This issue is exacerbated by the lack of a generalized tape device driver in Mac OS X and Mac OS X Server. Most Unix operating systems contain a /dev/tape or equivalent, allowing a wide variety of common Unix utilities to be leveraged towards a backup solution. Apple’s position is that such a device driver would be prohibitively complex, since tape devices are notoriously quirky and vary tremendously from vendor to vendor. While this may be true, Sun, Microsoft, and half a dozen Linux companies don’t seem to have a problem with it.
A final challenge relates to the dual forked nature of HFS+. As noted many times throughout this and other documentation, most Unix utilities have evolved without the notion of dual forked files. Nowhere is this more relevant on Mac OS X and Mac OS X Server than in the backup space. Many applications still rely on documents with resource forks, and the volume of resource-ridden legacy data cannot be underestimated. This means that many well established mechanisms for backup (such as scripts using dump, restore, and tar) are not relevant on Mac OS X and Mac OS X Server, at least in the 10.3 environment.
Although neither ships in a default install of Mac OS X, at least two versions of tar that support resource forks do exist. hfstar (http://www.metaobject.com/Products.html) and xtar (http://www.helios.de/news/news03/N_06_03.phtml) may both be used to effectively manage archival data on Mac OS X, including resource forks. They can be used exactly like traditional versions of tar (even driving remote tape drives hosted on some other OS with /dev/tape). Most of the examples here should work with either xtar or hfstar-- remember, though, they are not meant for the tar binary that is included with Mac OS X or Mac OS X Server. tar tasks include:
Creating an archive.
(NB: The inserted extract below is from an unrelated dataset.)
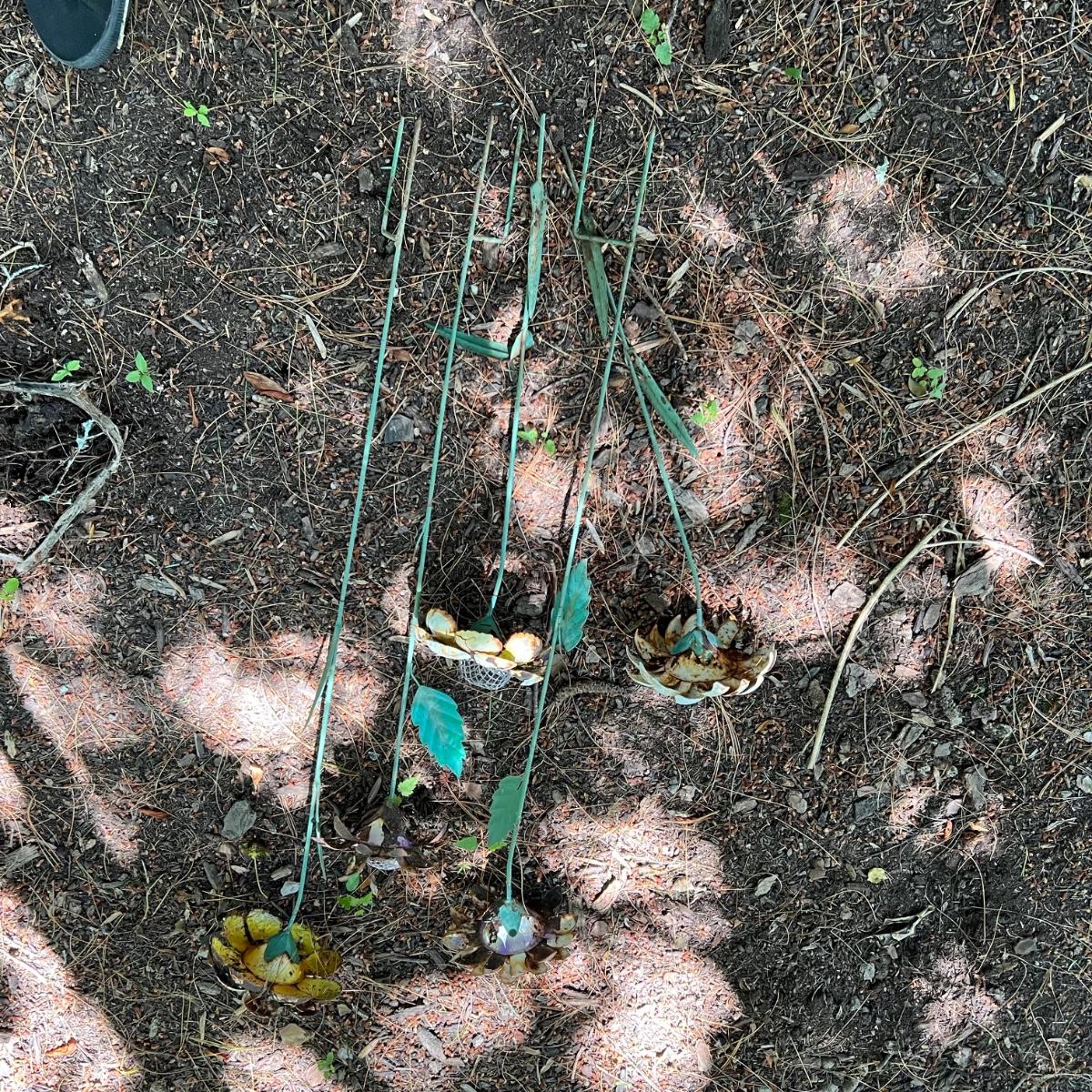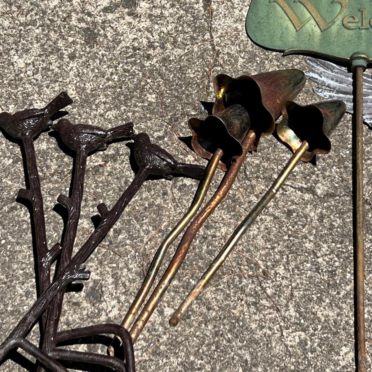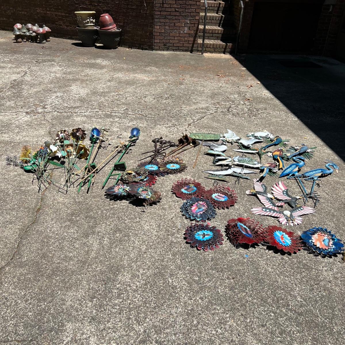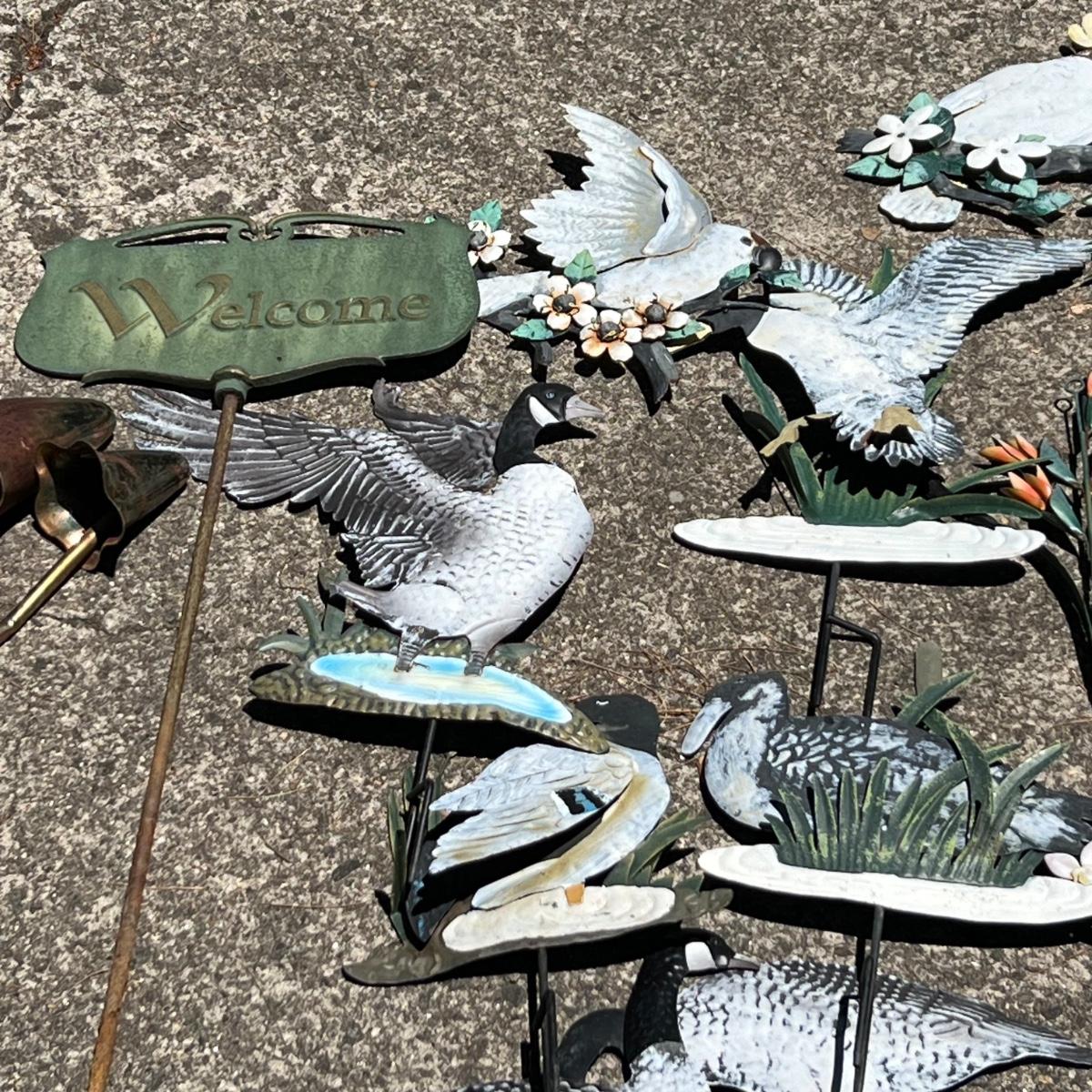 There are approximately 25 decorative stakes here that are all metal; two green stakes with solar panels and blue plastic dome tops have not been tested. A few flower stakes are very faded from the sun but could easily be repainted. The 12 plus metal wind spinners have holographic centers and can be hung separately or joined together. Some of the metal birds have hooks to hang and others have stakes. The metal green Welcome sign measures 13” x 7” x 31”H.

This most basic and common tar operation can be useful for archiving files. Using the tar and date commands to create a timestamped tar archive of an entire volume. Notice that the date command is escaped with backticks in order to make sure that its output is included in the tar command.
tar -cvzf data.`date'+%m%d%y%H%M%S'` /Volumes/Data
Moving the contents of a directory. Unix tar preserves permissions better than other mechanisms for moving files around.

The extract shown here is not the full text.